I was able to get this to work. By doing the following:
<security-constraint>
<web-resource-collection>
<web-resource-name>adm_full_access</web-resource-name>
<url-pattern>*</url-pattern>
</web-resource-collection>
<auth-constraint>
<role-name>adm_all</role-name>
</auth-constraint>
</security-constraint>
I was restricting access to all other groups by uisng <url-pattern>*</url-pattern>. Any other security-constraints set-up after that will not work.
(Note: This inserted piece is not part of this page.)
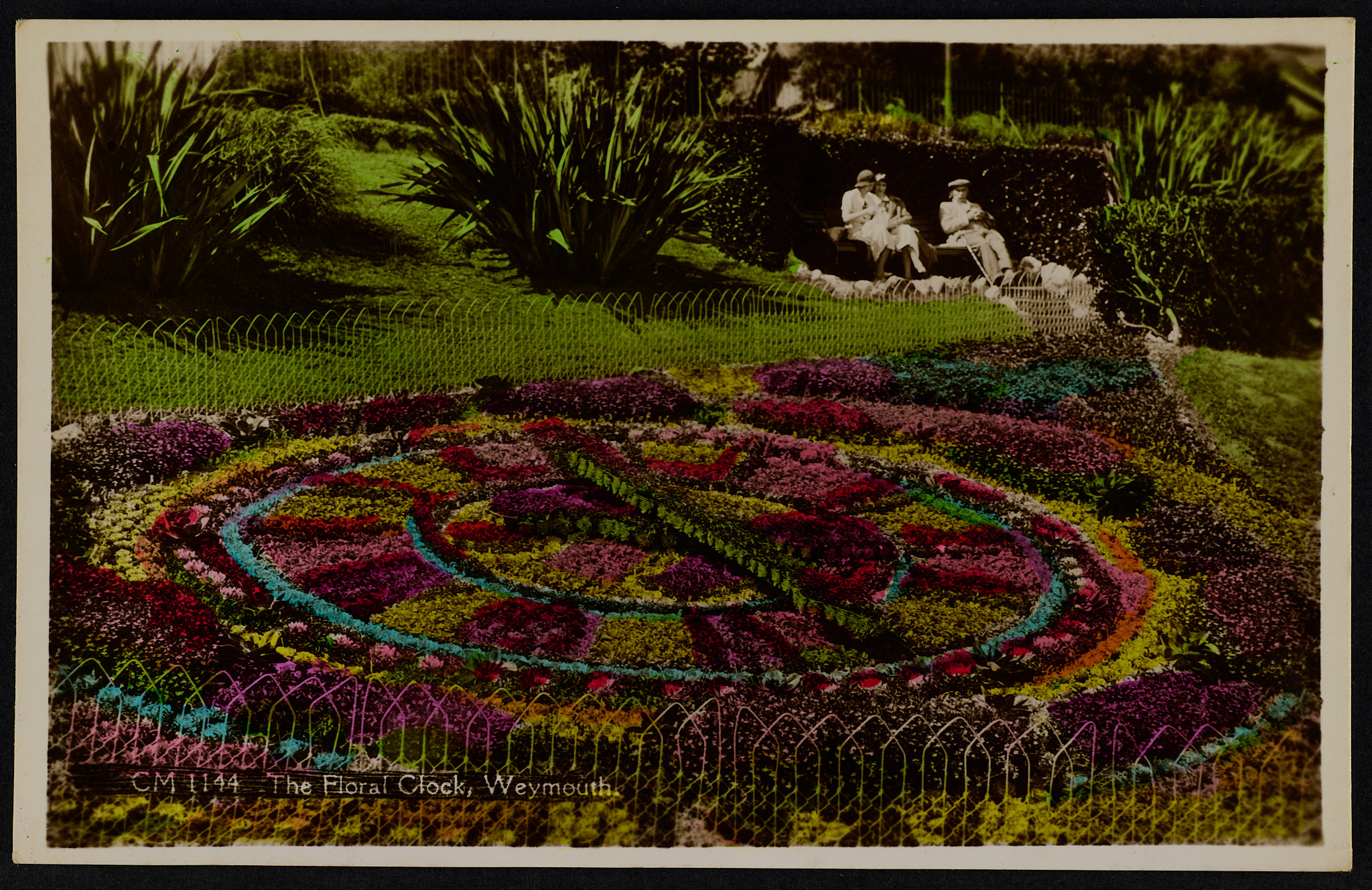 D-DPC/WY/48 – Finally, this postcard shows Weymouth’s floral clock, installed in 1936. It sits in Greenhill Gardens, which were opened in 1872 by Sir Frederic Johnstone, whose family had long represented Weymouth in Parliament. The gardens were presented to the town in 1902.

So saying * requires usr_all will restrict ALL webpages to ONLY adm_all, regardless of what future constraints say. So, my first security-constraints lists all directories or pages that every user can access. My next security-constraint then list resources that only my admins (adm_all) can acess. Any other security constraints then are set-up for each user role that I have...if adm_all should have access to these then the <role-name>adm_all</role-name> is added to each security constraint.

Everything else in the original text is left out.